Szczecinianki są jednym z beniaminków Basket Ligi Kobiet. Mimo to, zespół dowodzony przez trenera Krzysztofa Koziorowicza zajmuje piąte miejsce w tabeli. To dobry, jak na pierwszy sezon ekstraklasowych wojaży, rezultat. Czas na ocenę gry Wilków przyjdzie jednak po zakończeniu rozgrywek. W sobotę koszykarki ze Szczecina zagrają z Widzewem Łódź, który zajmuje ósme miejsce i wygrał zaledwie dwa z ośmiu spotkań.

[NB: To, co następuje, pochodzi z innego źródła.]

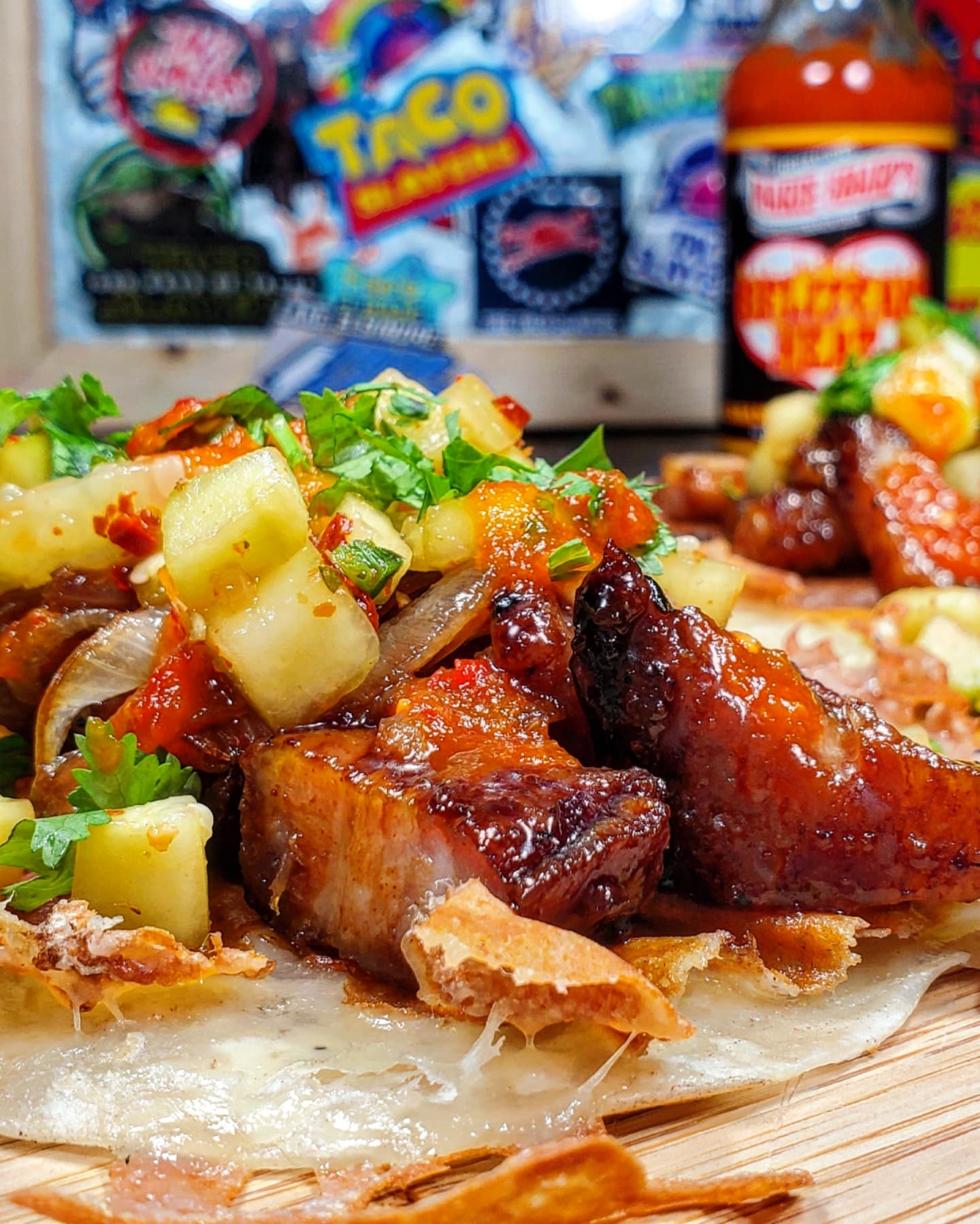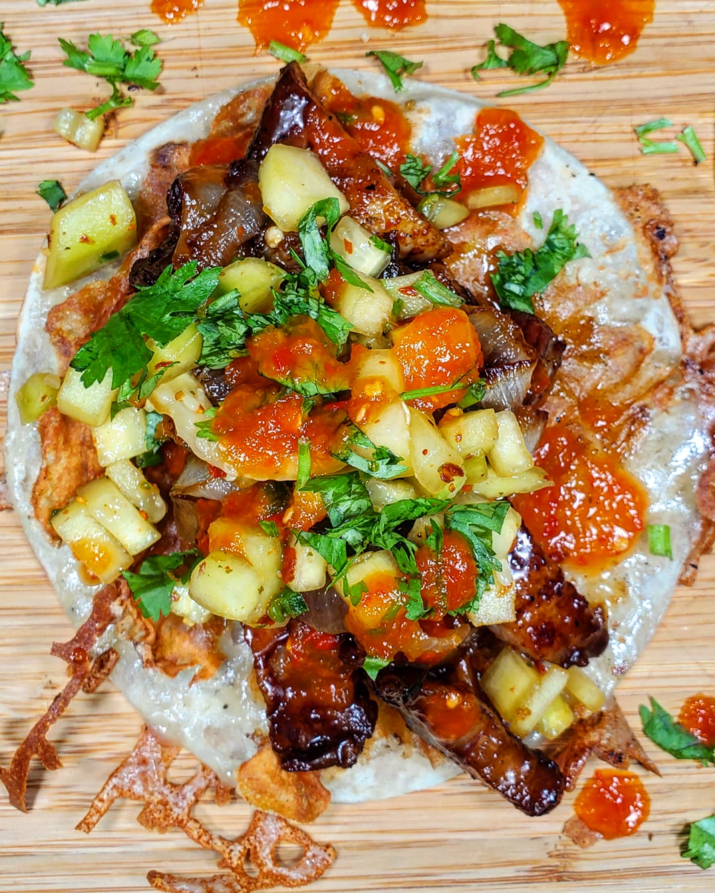 As my pork belly finished, I heated up some Sonora style flour tortillas and melted a little mozzarella cheese to its surface and piled the chopped pork belly in. I mounted this taco up with both the cucumber concoction and carmalized onions before a sprinkle of cilantro rained down followed by a major storm drizzle of @mariesharpsusa BELIZEAN HEAT.
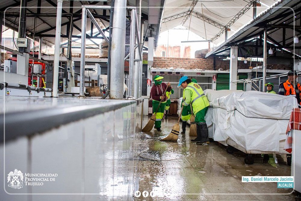 La Municipalidad Provincial de Trujillo (MPT), a través del Servicio de Gestión Ambiental de Trujillo (SEGAT), limpian el Mercado Zonal Palermo (exmayorista).
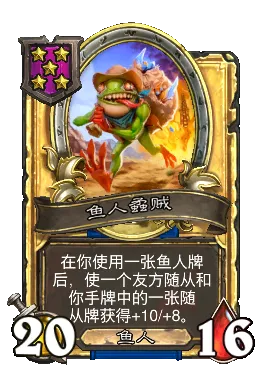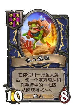 ▪ 改动后:10/8。在你使用一张鱼人牌后,使一个友方随从和你手牌中的一张随从牌获得+5/+4。
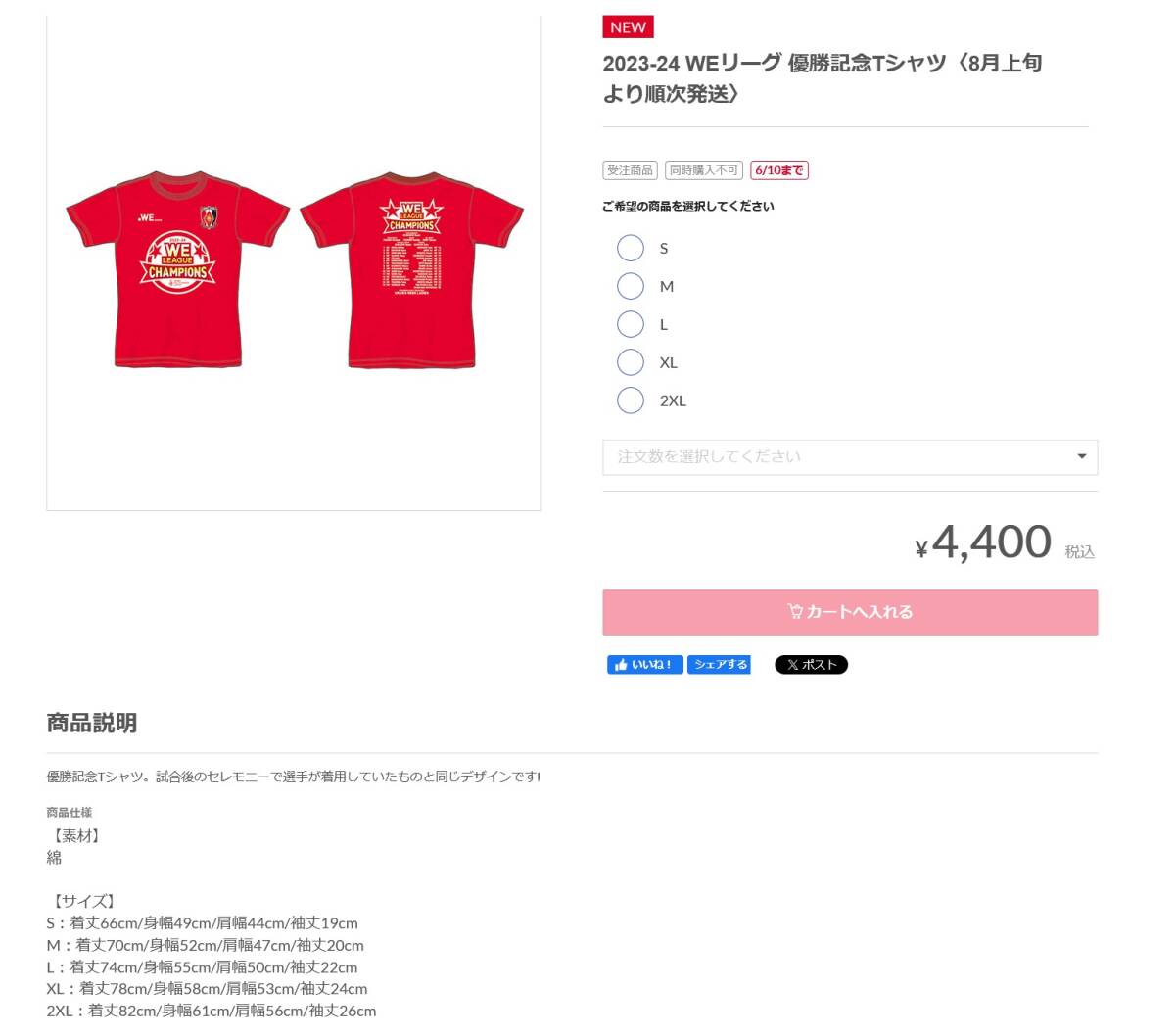 完全受注生産 未開封【即決・送料無料】浦和レッズレディース 2023 / 2024 WEリーグ 優勝記念 Tシャツ L なでしこ 656-4
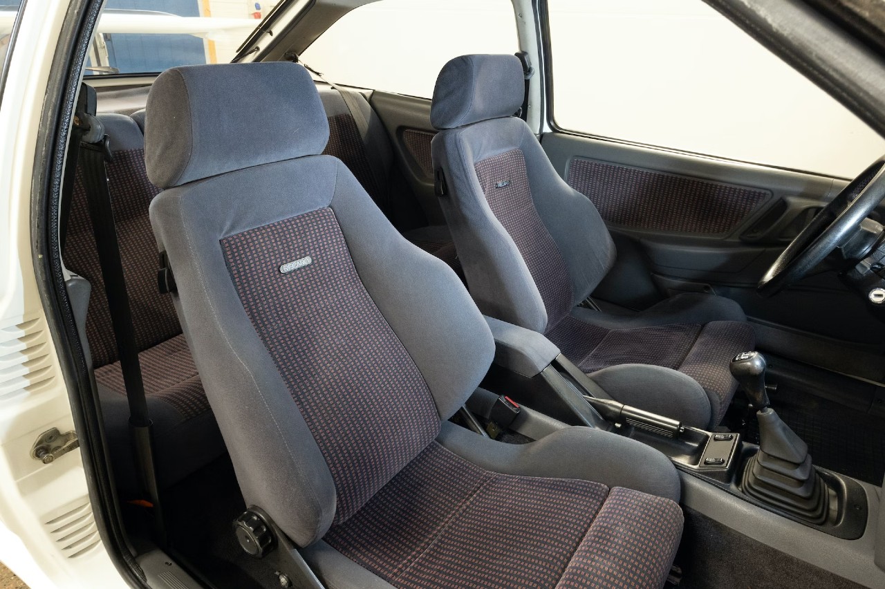 Decimos casi, porque las únicas modificaciones que se han realizado son un sistema de escape personalizado y la incorporación de la parrilla del RS 500. Por lo demás, está todo como en 1987, cuando salió de fábrica esta unidad. Luce una pintura Blanco Dimante, luce el característico alerón trasero en forma de ‘cola de ballena’ y calza unas llantas de aleación Rial de 15 pulgadas con radios cruzados.
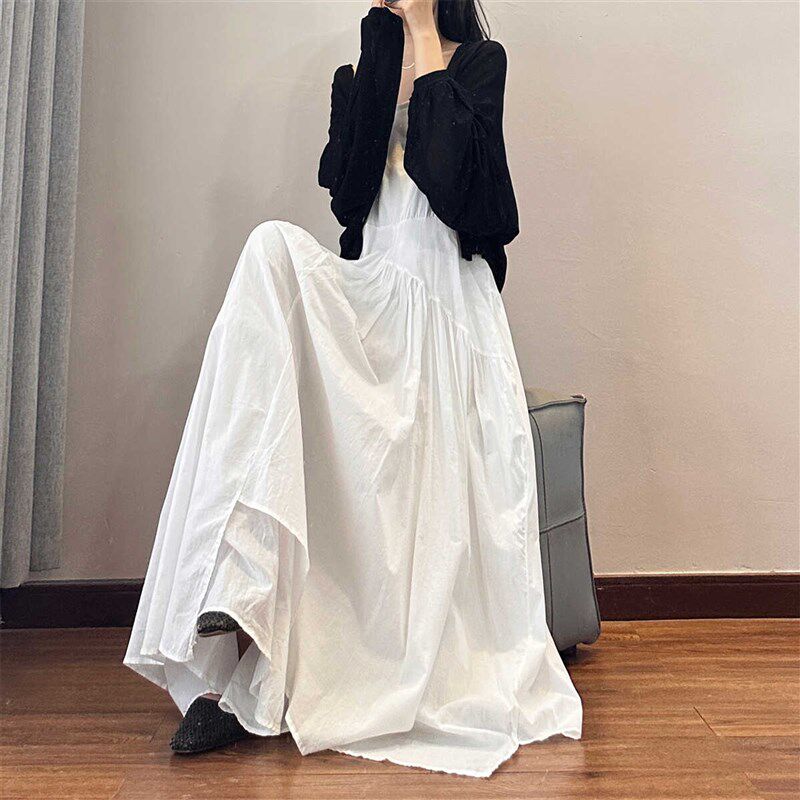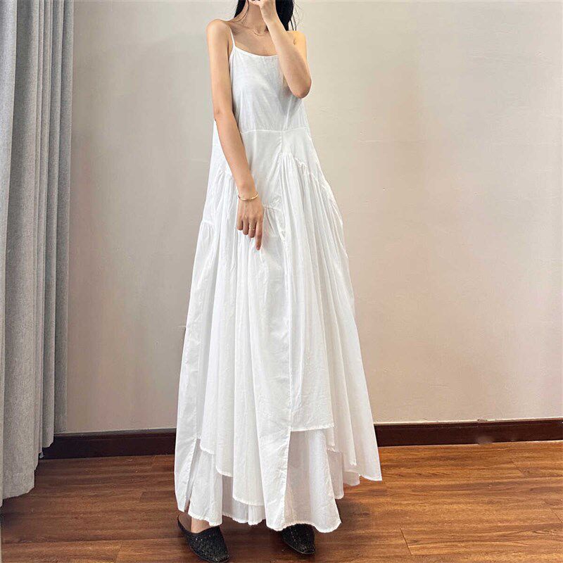 读衣术白色吊带裙夏女长款棉麻文艺长裙到脚踝宽松显瘦内搭连衣裙
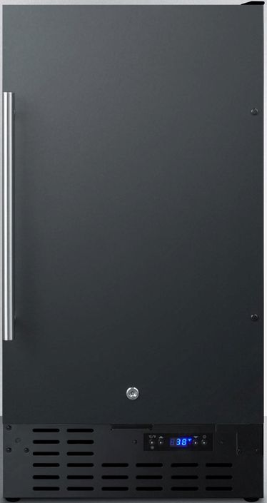 SUMMIT's selection of built-in undercounter refrigeration includes one of the industry's only complete 18" wide lines for the home. Sized just under 18" wide, the FF1843B is the perfect all-refrigerator for space-challenged kitchens. It comes in a jet black finish and can be used built-in or freestanding. The user-reversible door includes a factory installed front lock and pro style handle. Inside, the FF1843B utilizes automatic defrost operation for low maintenance use. Four adjustable chrome shelves accommodate a variety of sizes and LED lighting offers an efficient interior view. This unit includes a digital thermostat for optimum temperature management. Combine the FF1843B with its matching freezer, wine cellar, or beverage refrigerator. We also offer this model in stainless steel or with a panel-ready door. For a 32" high ADA compliant version, see the FF1843BADA.
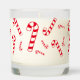 Red and white striped candy canes in various sizes are tumbling around the outside of the candle, on a white background. ***Part of coordinated set - BKM1a.

W poprzedniej kolejce Wilczyce mierzyły się w Szczecinie z silną drużyną Wisły Can Pack Kraków. Gospodynie przegrały zdecydowanie 56:77, ale zagrały z determinacją i bez kompleksów, co należy pochwalić. Najlepiej punktującą szczecinianką była Naketia Swanier, która zdobyła 15 punktów. Barierę 10 oczek przekroczyła też Jasmine Erving. Amerykanka w kolejnym z rzędu meczu zaimponowała swoją skutecznością.
Najbliższy rywal beniaminka, w minionej kolejce konfrontował się z MKS MOS Konin. Minimalnie lepsze w tym starciu okazały się zawodniczki z Łodzi, wygrywając 89:84 na parkiecie rywala. Aż 23 oczka w tym meczu zdobyła Paulina Rozwadowska. Podwójną zdobyczą pochwalić się mogła Tynikki Crook, która zanotowała 21 punktów i 15 zbiórek.
Szczecinianki zdecydowanie lepiej radzą sobie na wyjazdach w tym sezonie. Bilans takich starć to trzy zwycięstwa i jedna porażka. W domowych starciach jest dokładnie odwrotnie. Wilczyce przegrały trzykrotnie, a wygrały tylko raz. Spotkanie z Widzewem zapowiada się więc bardzo emocjonująco. Przyjezdne muszą zacząć odnosić zwycięstwa, jeśli chcą walczyć o miejsca w górnej połowie tabeli.
Początek meczu Widzew Łódź -King Wilki Morskie Szczecin, już w najbliższą sobotę o godzinie 18.